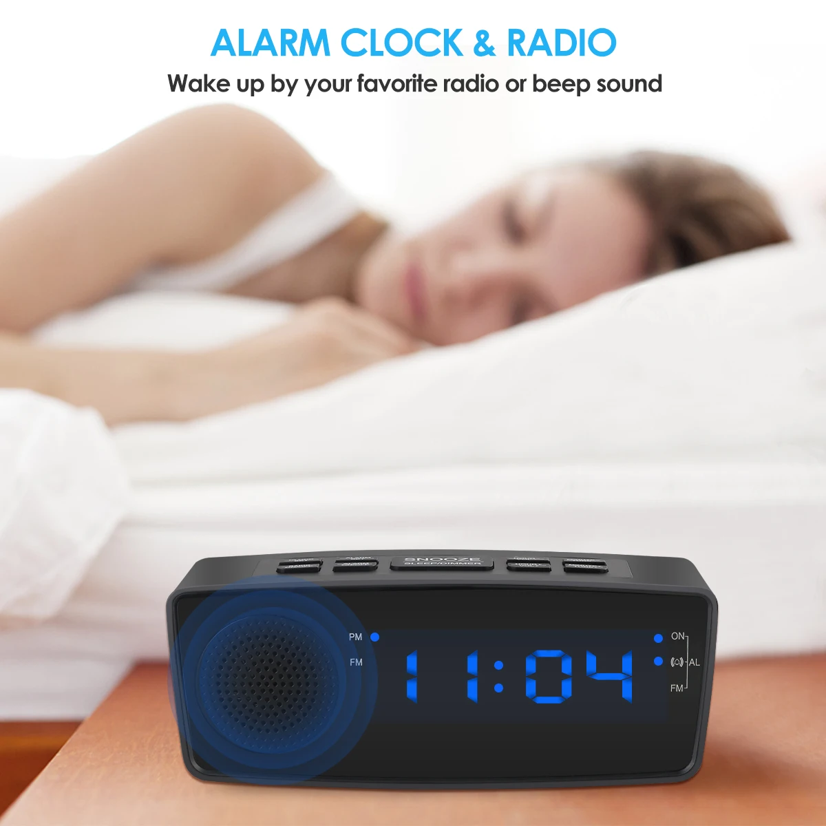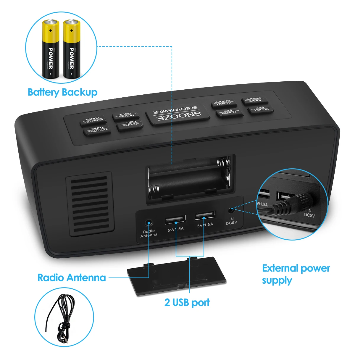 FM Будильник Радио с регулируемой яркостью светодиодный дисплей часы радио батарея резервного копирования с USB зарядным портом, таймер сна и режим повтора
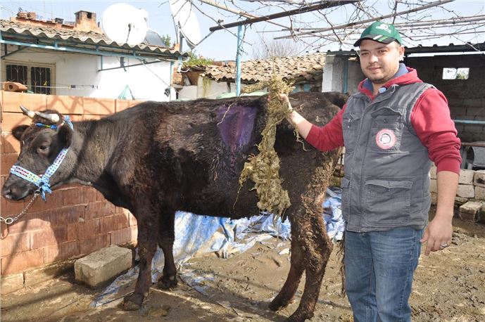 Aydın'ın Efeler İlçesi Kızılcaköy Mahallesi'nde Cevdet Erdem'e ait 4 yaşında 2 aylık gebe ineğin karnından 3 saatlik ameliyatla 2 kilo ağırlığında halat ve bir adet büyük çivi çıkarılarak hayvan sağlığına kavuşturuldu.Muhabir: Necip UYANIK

--------------------------------------------------

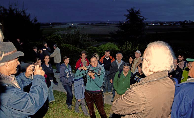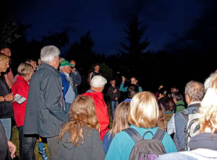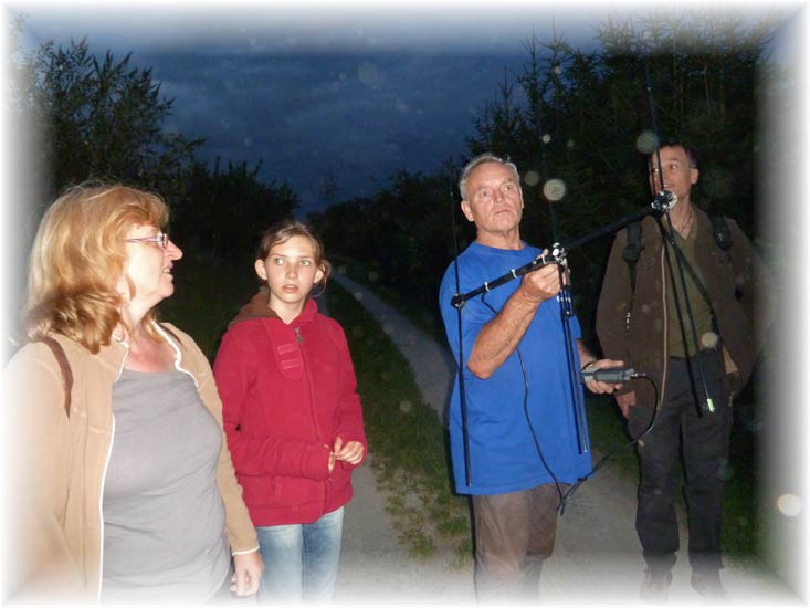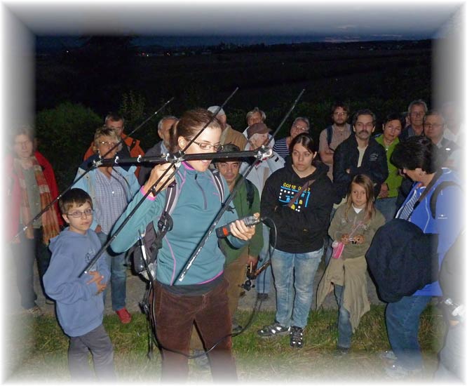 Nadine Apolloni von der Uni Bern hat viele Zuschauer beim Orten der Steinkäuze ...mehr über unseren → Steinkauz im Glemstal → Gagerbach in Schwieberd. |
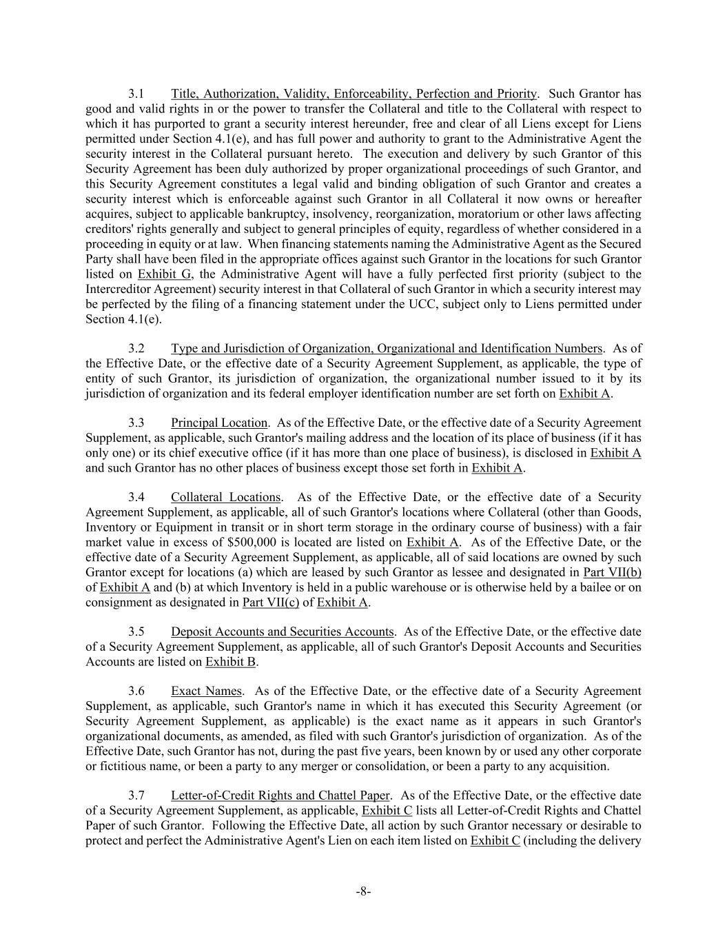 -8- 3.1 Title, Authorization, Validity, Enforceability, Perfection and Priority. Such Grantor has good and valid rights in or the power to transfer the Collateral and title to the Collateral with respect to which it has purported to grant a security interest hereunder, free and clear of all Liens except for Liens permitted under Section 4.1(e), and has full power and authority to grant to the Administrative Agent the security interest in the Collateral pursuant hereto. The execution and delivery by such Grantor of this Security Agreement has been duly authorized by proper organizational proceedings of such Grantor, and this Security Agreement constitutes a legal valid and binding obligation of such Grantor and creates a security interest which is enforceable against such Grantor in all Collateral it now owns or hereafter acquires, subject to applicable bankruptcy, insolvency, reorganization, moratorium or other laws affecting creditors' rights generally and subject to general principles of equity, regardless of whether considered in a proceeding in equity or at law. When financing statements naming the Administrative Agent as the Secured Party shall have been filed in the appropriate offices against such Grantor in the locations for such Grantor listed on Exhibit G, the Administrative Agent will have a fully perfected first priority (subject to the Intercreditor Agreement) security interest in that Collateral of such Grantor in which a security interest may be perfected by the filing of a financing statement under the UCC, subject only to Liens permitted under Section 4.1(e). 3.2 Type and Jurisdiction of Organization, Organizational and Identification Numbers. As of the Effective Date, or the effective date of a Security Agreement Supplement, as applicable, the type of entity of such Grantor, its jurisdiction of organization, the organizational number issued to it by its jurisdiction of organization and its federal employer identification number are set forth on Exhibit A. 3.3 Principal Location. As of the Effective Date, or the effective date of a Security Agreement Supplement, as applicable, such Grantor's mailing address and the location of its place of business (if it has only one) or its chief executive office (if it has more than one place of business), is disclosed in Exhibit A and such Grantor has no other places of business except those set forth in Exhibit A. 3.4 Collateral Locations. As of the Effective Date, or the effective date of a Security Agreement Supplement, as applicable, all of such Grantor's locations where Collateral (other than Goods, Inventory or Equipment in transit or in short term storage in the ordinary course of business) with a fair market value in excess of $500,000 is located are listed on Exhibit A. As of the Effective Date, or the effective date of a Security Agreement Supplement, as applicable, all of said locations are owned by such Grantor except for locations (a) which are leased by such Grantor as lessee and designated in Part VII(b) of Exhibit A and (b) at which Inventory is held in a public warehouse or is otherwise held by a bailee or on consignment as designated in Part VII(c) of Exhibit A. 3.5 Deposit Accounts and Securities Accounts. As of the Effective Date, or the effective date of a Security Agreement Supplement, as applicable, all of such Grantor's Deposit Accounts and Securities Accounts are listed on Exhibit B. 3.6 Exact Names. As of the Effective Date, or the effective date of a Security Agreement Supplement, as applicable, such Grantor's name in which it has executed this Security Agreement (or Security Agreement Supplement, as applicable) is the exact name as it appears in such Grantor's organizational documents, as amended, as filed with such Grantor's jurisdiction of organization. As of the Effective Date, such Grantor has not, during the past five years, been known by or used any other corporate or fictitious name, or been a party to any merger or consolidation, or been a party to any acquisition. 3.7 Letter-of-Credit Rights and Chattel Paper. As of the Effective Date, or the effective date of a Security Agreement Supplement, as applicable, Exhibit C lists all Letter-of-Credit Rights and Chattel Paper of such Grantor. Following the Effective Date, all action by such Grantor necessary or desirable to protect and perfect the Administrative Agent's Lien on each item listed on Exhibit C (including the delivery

--------------------------------------------------

Exercise objective ▸ Return, exactly as they stand, the lines above from the one with "FM Будильник Радио" to the one with "Aydın'ın Efeler İlçesi", omitting any pictures among them.

Problem solution ▸
 FM Будильник Радио с регулируемой яркостью светодиодный дисплей часы радио батарея резервного копирования с USB зарядным портом, таймер сна и режим повтора
 Aydın'ın Efeler İlçesi Kızılcaköy Mahallesi'nde Cevdet Erdem'e ait 4 yaşında 2 aylık gebe ineğin karnından 3 saatlik ameliyatla 2 kilo ağırlığında halat ve bir adet büyük çivi çıkarılarak hayvan sağlığına kavuşturuldu.Muhabir: Necip UYANIK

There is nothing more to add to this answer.